Just bought one of these on fleabay brand new and unopened from a private sale. Got delivered Friday and set about unpacking it etc. on Saturday morning before work. Plugged it all in and ran water through it without power on to get rid off all the air inside, but the water seemed very sluggish coming through and tooks atleast 3 minutes to come out of the hose in any meaningful quantity, rather than a small trickle down the lance. 

Anyway, turned machine and and opened trigger. Nothing. Sat there puzzled for a minute while I checked everything and then went into the house. MCB for downstairs plugs had tripped, along with fuse in the pressure washer plug. MCB reset and fuse replaced (wondered if it was socket fixture in the wall as it is heavy used and would not properly switch off after this) and tired again in a different socket. Same result, MCB AND RCD tripped this time, along with blown fuse and another socket that doesn't want to switch off and stay there. 

Will be contacting Nilfisk on Monday to get it sorted out with either replacement or repair (not sure on their policies etc etc) but any ideas as to why this is happening and why my sockets are now broken?

Dominic


----------



## Ross (Apr 25, 2007)

It is 2900 watts which is fairly heavy power usage,Can your socket take it?


----------



## DC3011 (Mar 23, 2009)

It's a standard house ring main so I don't see any problem with it and also it must be on the machine end otherwise it wouldn't have blown 3 plug fuses?


----------



## Clean-my-sxi (Feb 5, 2008)

I run this of my extension lead and never tripped it so i reckon there must be a loose connection or something in your machine.


----------



## DC3011 (Mar 23, 2009)

That's what I was thinking. Probably so obvious and so simple, something I'd usually have a nose at but at the cost of the machine II'm resisting to go looking incase it messes the warranty up!


----------



## Ross (Apr 25, 2007)

Wait and phone Nilfisk,keep your hands out of it:lol:


----------



## adam87 (Dec 11, 2008)

My P150 has blown a few fuses, does take a lot of power. Someone else had trouble with his garage power, it kept tripping the PW. Can't remember the out come.

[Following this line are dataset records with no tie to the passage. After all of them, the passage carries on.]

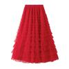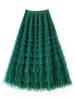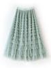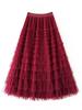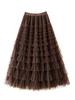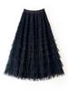Damska spódnica midi z wysokim stanem z warstwowego tiulu – Jesienno-zimowa plisowana puszysta spódnica z siateczki
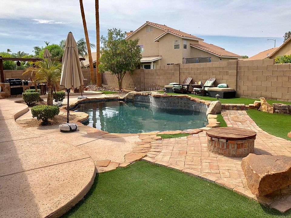 Entertainers Dream! This is not your average rental home. This spacious 3bed/2bath split floorplan features elevated ceilings, wood-look tile flooring throughout, gourmet kitchen with infinity edge granite countertops and top of the line appliances. Large master suite with private bathroom features walk-in shower and walk-in closet. Laundry room with washer and dryer. Amazing backyard complete with private pool, outdoor kitchen, fire-pit area, tropical landscaping and full length covered patio! Call today for a private showing. Owner Pays Pool and Landscape Maintenance
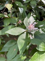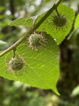 | オオバヤシャブシの木に種子を飛ばした果穂と雄花がついていた。ヤシャブシとハンノキの違いがよくわからない。これはひょっとしたらハンノキかもしれない。 |
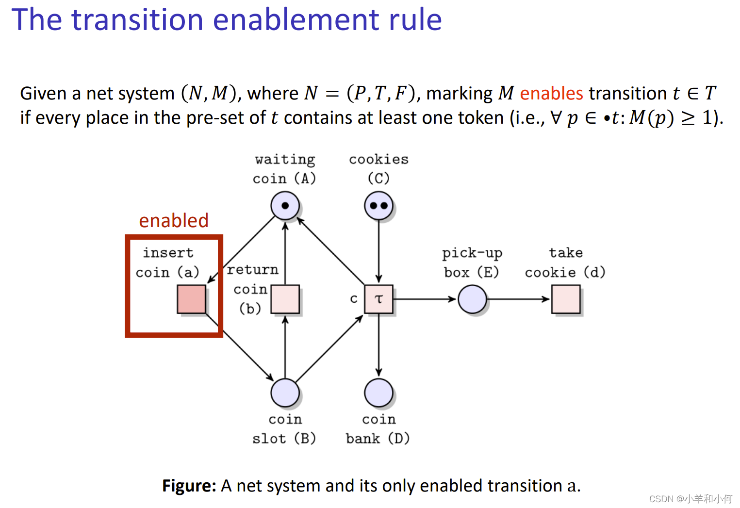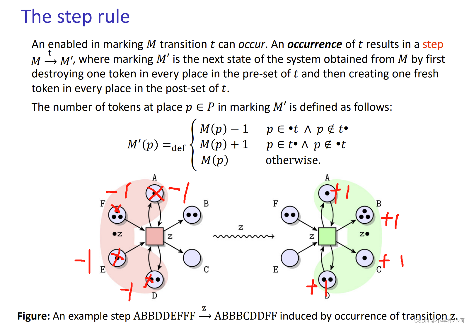 - 一个网状系统的几个过渡可以同时被启用,但只有一个被启用的过渡会被非确定性地选择发生。
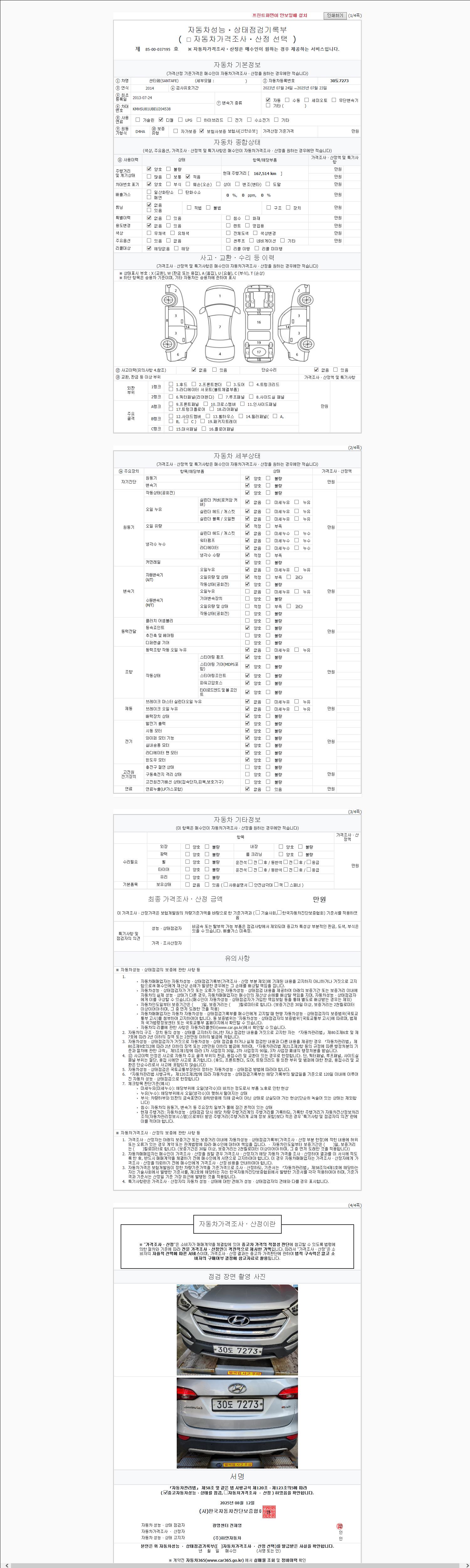| 주행거리 | 167,514 km | 차량번호 | 30도7273 |
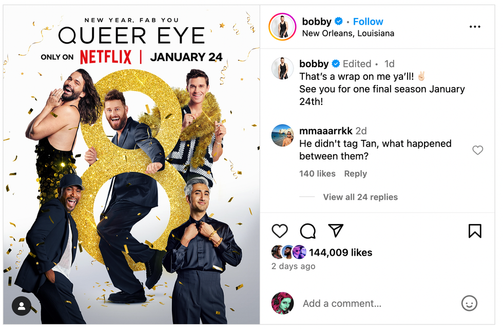 PinkNews reports that Tan France has seemingly unfollowed Bobby Berk, following the latter’s decision to leave the show after seven seasons, leading some to believe that the drama is ramping up between the former cast members. The tipping point, some speculate, was a recent IG post by Berk in which he tagged the whole cast, except for France — which was quickly pointed out in the comments.
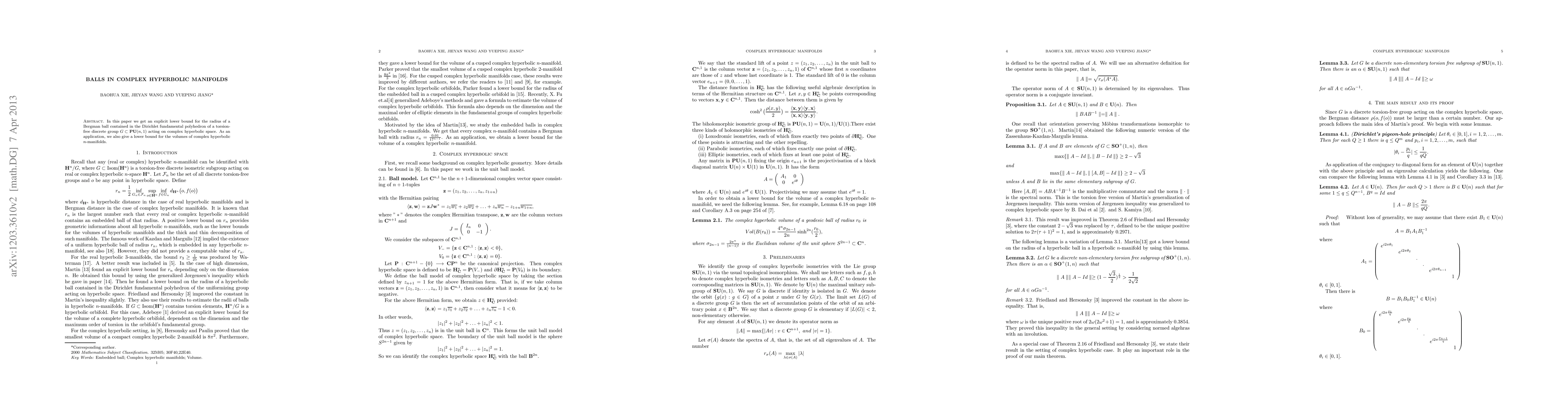 This paper provides an explicit lower bound for the radius of a Bergman ball within the Dirichlet fundamental polyhedron of a torsion-free discrete group acting on complex hyperbolic space, establishing a lower bound for the volume of all complex hyperbolic n-manifolds.

Mine has also started to leak at the gun where to the hose goes in. Although It is probably my fault where I reel the hose back in and the end has been dragging along the floor, thought nothing of it but a little nick has appeared in the seal and drips water.

Only a couple of pence to fix though I hope.

Other than that it's a beast and makes light work of arches and blasting dirt off.

Still my favourite piece of kit I own.


----------



## Russ and his BM (Jan 1, 2008)

That was me, hang on a mo, I'll post a link up to the thread....wait one..


----------



## Russ and his BM (Jan 1, 2008)

Here you go...
http://www.detailingworld.co.uk/forum/showthread.php?t=147271


----------



## DC3011 (Mar 23, 2009)

All fixed now, rang screwfix yesterday (original place of sale) and new one arrived on doorstep 8am this morning. Already washed car and it's a beast compared to my
weedy little Karcher 2.01 thingy!


----------



## Russ and his BM (Jan 1, 2008)

They are good, aren't they!


----------